PICICA: "[...]a gentrificação como fenômeno social impulsionado pela
expropriação do solo urbano expande seu raio de ação para os espaços
populares de entretenimento, empurrando os “desabrigados” para o campo
virtual da televisão. O calor humano e a vibração seguem para o
vestiário. No lugar deles entra o consumo."
IMPRENSA ESPORTIVA
A gentrificação no futebol
Por João Batista de Abreu em 31/12/2013 na edição 779
Este texto é uma condensação de artigo do livro Políticas públicas e pluralidade na comunicação e na cultura, com previsão de lançamento em março de 2014 pela editora E-papers
O futebol brasileiro vive hoje um processo semelhante ao que os
urbanistas e geógrafos chamam de gentrificação, ou seja, o processo de
se apropriar de áreas degradadas de uma metrópole, expulsar os pobres,
reurbanizar e depois revendê-las às camadas médias ou à elite, com
investimentos públicos em infraestrutura.
Basta olhar o que acontece com os estádios de futebol. Quarenta anos atrás, o Brasil orgulhava-se de possuir os maiores estádios do mundo. Tivemos jogos com quase 200 mil pessoas, como Brasil e Uruguai, na final da Copa do Mundo de 1950; Brasil 1x0 Paraguai em 1969, pelas eliminatórias da Copa do ano seguinte; e Flamengo 0x0 Fluminense, em 1963, na decisão do Campeonato Carioca. Todos no Maracanã, onde oficialmente cabiam 150 mil pessoas entre arquibancada, geral e cadeiras.
O que vimos nos últimos dez anos começou na Europa e atravessou o Atlântico. A maioria dos estádios encolheu para satisfazer as exigências de um modelo que privilegia pequenas camadas sociais em condições de pagar caro pelo ingresso e assistir passivamente a um espetáculo. As áreas populares, como a geral, deram lugar a camarotes e a espaços vip. O preço dos ingressos saltou mais de 300% em dez anos, para uma inflação que nem chegou a 50%. Aquele torcedor da geral, rádio de pilha colado ao ouvido – eternizado pela teleobjetiva do cinejornal Canal 100 – ficou no passado.
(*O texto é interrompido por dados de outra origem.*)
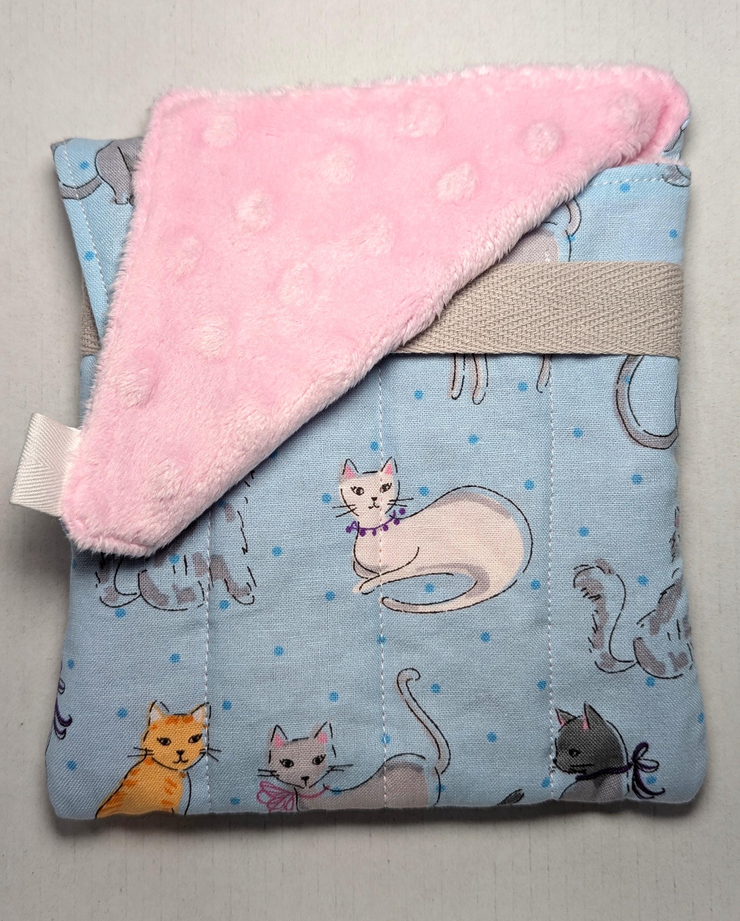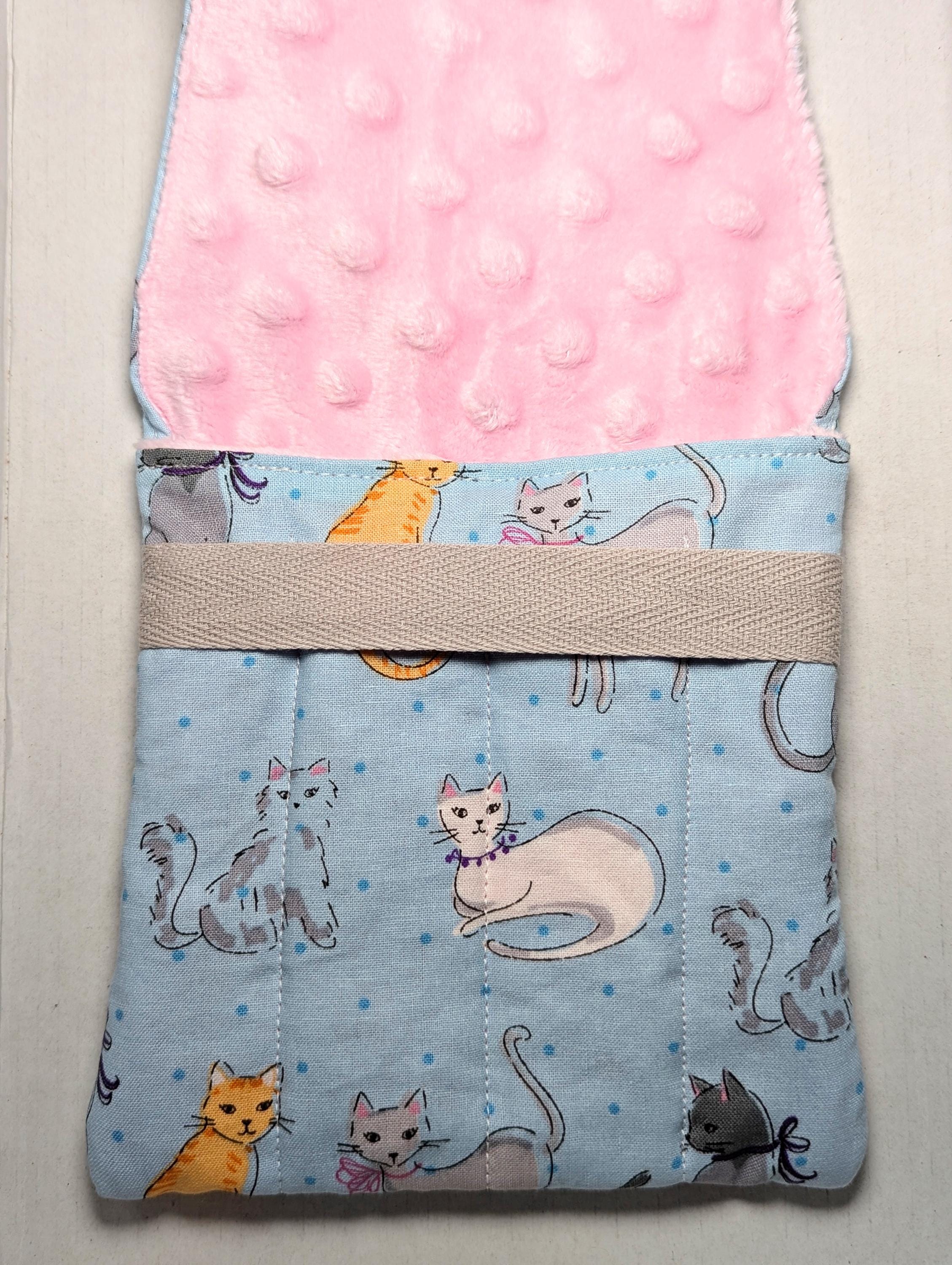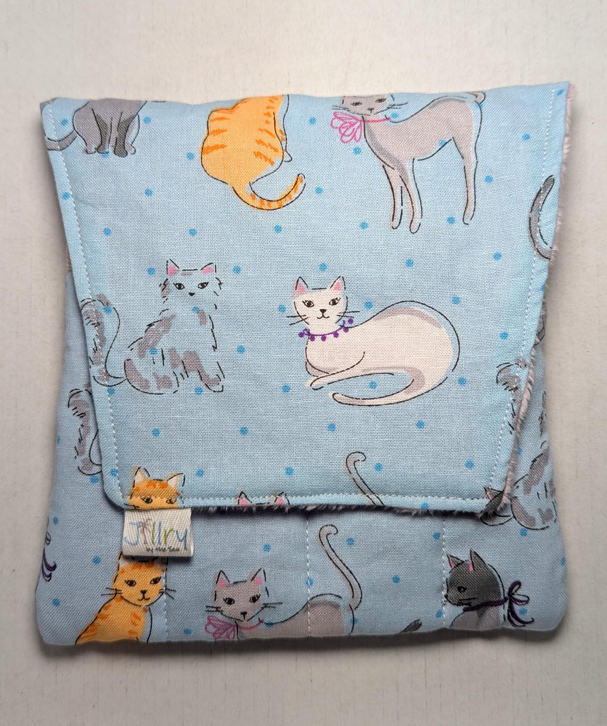 A handmade fabric fountain pen pouch that will hold all your pens and your notebook, too! Fun cat fabrics! This original design holds eight pens in pockets made of soft minky fabric that will protect them from bumping into each other and keep them from being scratched. The pocket is long enough to hold big pens and it even has a center pocket where you can stash a small notebook and your phone!

O que os administradores privados desejam é o torcedor comportado, que não carrega bandeiras, só se levanta na hora de gritar gol e aceita pagar taxas caras para usar o estacionamento do estádio em cidades onde o transporte público está abaixo da crítica.
O futebol brasileiro sofreu um processo de europeização, com a aprovação ou o silêncio da imprensa esportiva, que em sua grande maioria embarcou no discurso neoliberal da globalização do futebol. Vários argumentos tentam justificar o aumento dos ingressos: a comparação com as entradas de teatro, a necessidade de compensar os clubes que perderam receita com o fim do passe do jogador após a Lei Pelé, e até mesmo a referência aos ingressos do futebol europeu, onde a libra e o euro são moedas muito mais valorizadas que o real.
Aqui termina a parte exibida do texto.